Of course, if I give them access to the global and/or top-level domain, they're going to be able to see data in all domains if they pull up the user, company or CI tables - regardless of whether I remove those domains from the domain picker or not.



So do I have any options here that don't involve a ton of scripting?


0 Helpfuls

Go to solution
jamie_girouard
Giga Expert

‎07-14-2014 06:53 PM

I'm going to try to re-ask this question...



I have this domain separation hierarchy set up



TOP


|


TOP/MSP (which has access to TOP)


|


TOP/MSP/CUSTOMERX


TOP/MSP/CUSTOMERY


TOP/MSP/CUSTOMERZ



We have records created for TOP/MSP as well as TOP/MSP/CUSTOMERX, TOP/MSP/CUSTOMERY, TOP/MSP/CUSTOMERZ.



I will have users that CANNOT have access to records for TOP/MSP/CUSTOMERZ, but can have access to records in TOP/MSP, TOP/MSP/CUSTOMERX and TOP/MSP/CUSTOMERY.  



How do I accomplish this in domain separation, using Calgary?   Right now, when I try to create a new domain called TOP/MSP/TECHNICIAN, I can set up the contains domains so that it will only allow access to CUSTOMERX and CUSTOMERY, but when I try to add TOP/MSP to the mix, I'm hosed.   What are my options here?


0 Helpfuls

Go to solution
jamie_girouard
Giga Expert
In response to jamie_girouard

‎07-16-2014 03:43 PM

After some assistance from a helpful chap at ServiceNow, I have an answer to my dilemma:



  • I created a group that would contain all of the users whom I need to limit access for.
  • I created an access control rule for all tables that would check to see if the user was in the "limited access" group and the sys_domain of the record for the domain that needed this restriction.
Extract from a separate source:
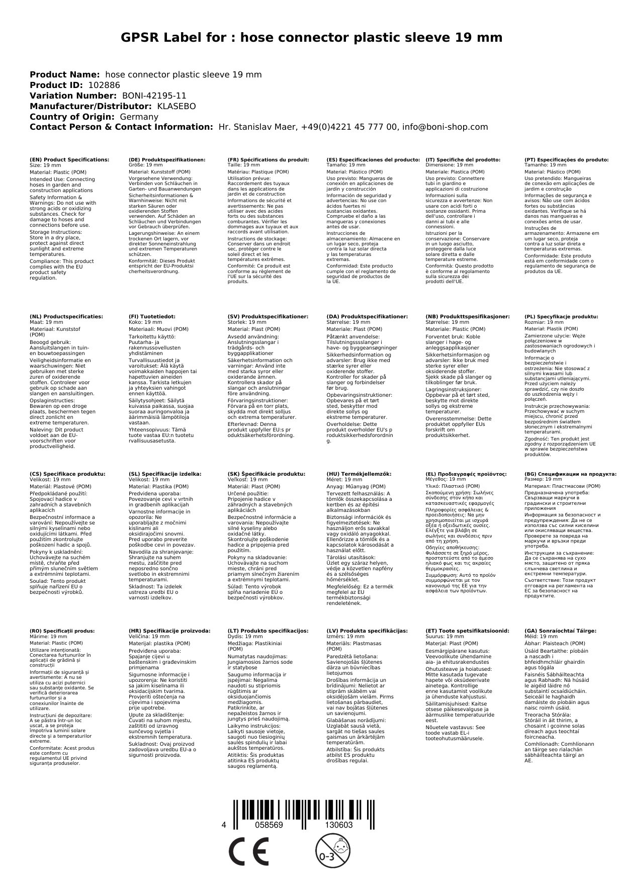 Ceanglóir Feadán Plaisteach Tuille 19 mm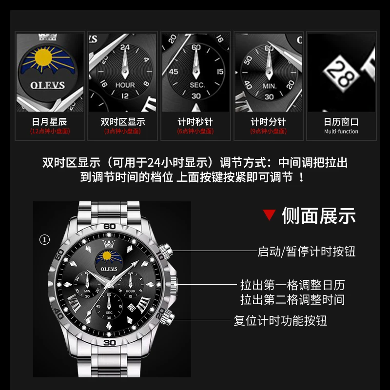 OLEVS skeleton quartz men’s watch with visible movement and stylish design. Perfect for business or casual wear.

if (current.sys_domain == {your sys_id} && gs.getUser().isMemberOf({your limiting group sys_id})){ answer = false; } else { answer = true; }



  • If you need to apply this to admins, you need to make sure the "admin override" option is unchecked.
  • I did have to create a similar, but separate access control role for the sys_user table - not sure why, may be specific to my instance.